Un tribunal d'Istanbul avait ordonné dans l'après-midi sa remise en liberté sous contrôle judiciaire, alors qu'elle est toujours jugée pour appartenance à une "organisation terroriste", a rapporté l'agence de presse progouvernementale Anadolu.


La linguiste Necmiye Alpay, qui fait partie des huit autres accusés de ce procès, a également bénéficié d'une décision de remise en liberté. Et a quitté la même prison qu'Asli Erdogan, en même temps que sa co-détenue. De même que Zana Bilir Kaya, ancien rédacteur en chef du quotidien Ozgür Gündem, fermé par décret-loi en octobre car accusé de "propagande terroriste" pour le compte de la rébellion kurde, selon Anadolu.

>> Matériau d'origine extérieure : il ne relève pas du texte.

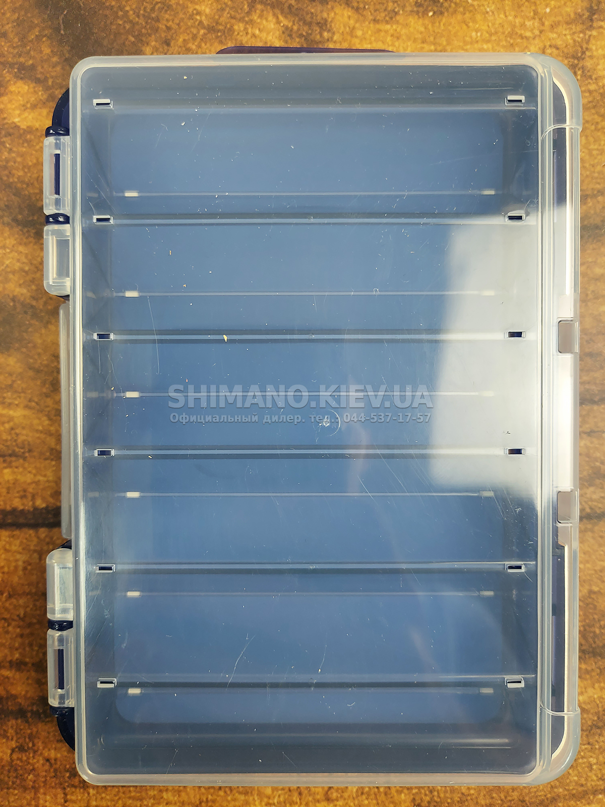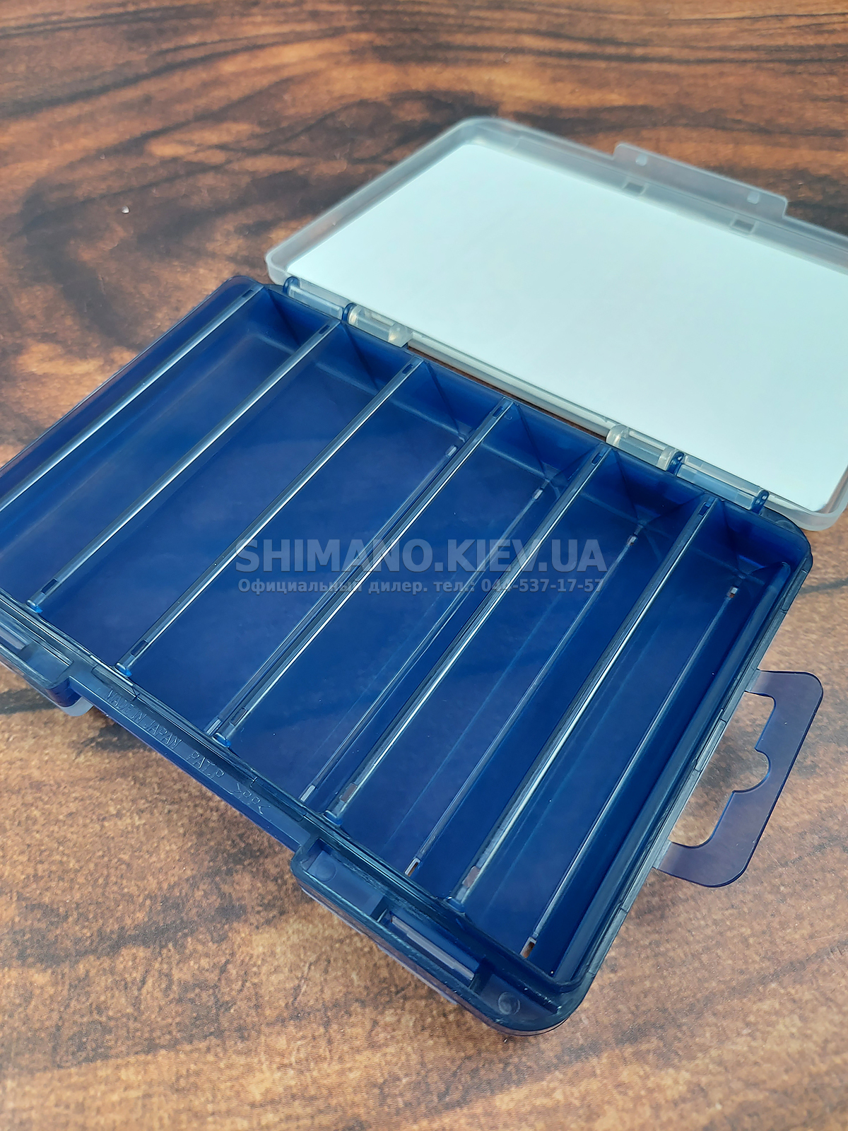 Исключительно удобная двухсторонняя коробка для хранения воблеров. Система перегородок, расположенных зигзагообразно в сечении, оптимизирует внутреннее пространство и увеличивает вместительность при неизменных габаритах. Дно каждой V-образной в сечении секции имеет отверстия для выхода воды и водяного пара, которые соответствуют отверстиям в крышке. Благодаря этому приманки, находящиеся внутри, не нужно каждый раз сушить после рыбалки. Коробка выполнена из прочного пластика, крышки оборудованы прочными шарнирами и застежками.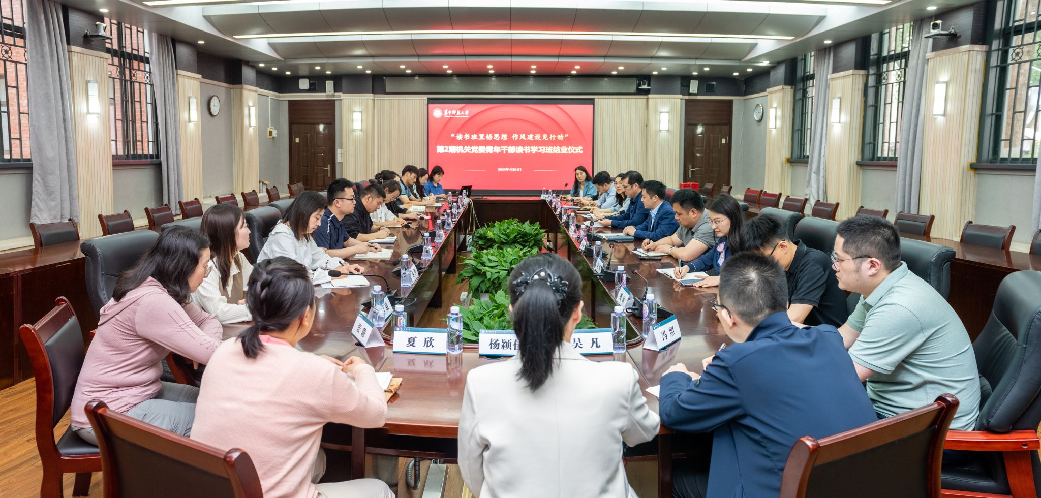 陈迪明对所有学员顺利结业表示祝贺。他表示,青年干部作为学校事业发展的“生力军”,承载着立德树人的初心与强校兴校的使命。开展读书学习班,正是学校党委着眼于建设高素质干部队伍、推动事业高质量发展的重要举措。机关党委精心设计了“理论学习+实践淬炼+能力提升”的立体化培养体系,全体学员以饱满的求知热情和进取精神投入学习,充分展现了华师青年干部的良好风貌。这样的学习既是“充电赋能”,更是为大家投身事业发展新征程“校准航向”。他指出,机关青年干部要进一步牢固树立学习意识、创新意识、服务意识和廉洁意识,要自觉提高站位,以青春朝气破除作风积弊,用创新思维提升服务效能,扎实推进机关深入贯彻中央八项规定精神学习教育暨作风建设专项行动,在“学、查、亮、改、创”各环节中主动树标杆、扛责任,为建设让师生满意、让党委放心的模范机关注入青春动能。

Les accusés ne sont toutefois pas acquittés et le procès doit reprendre le 2 janvier 2017, selon l'agence de presse Dogan. Tous sont accusés d'avoir collaboré avec Ozgür Gündem et d'être "membres d'une organisation terroriste", en l'occurrence le Parti des travailleurs du Kurdistan (PKK). Ils risquent la prison à vie.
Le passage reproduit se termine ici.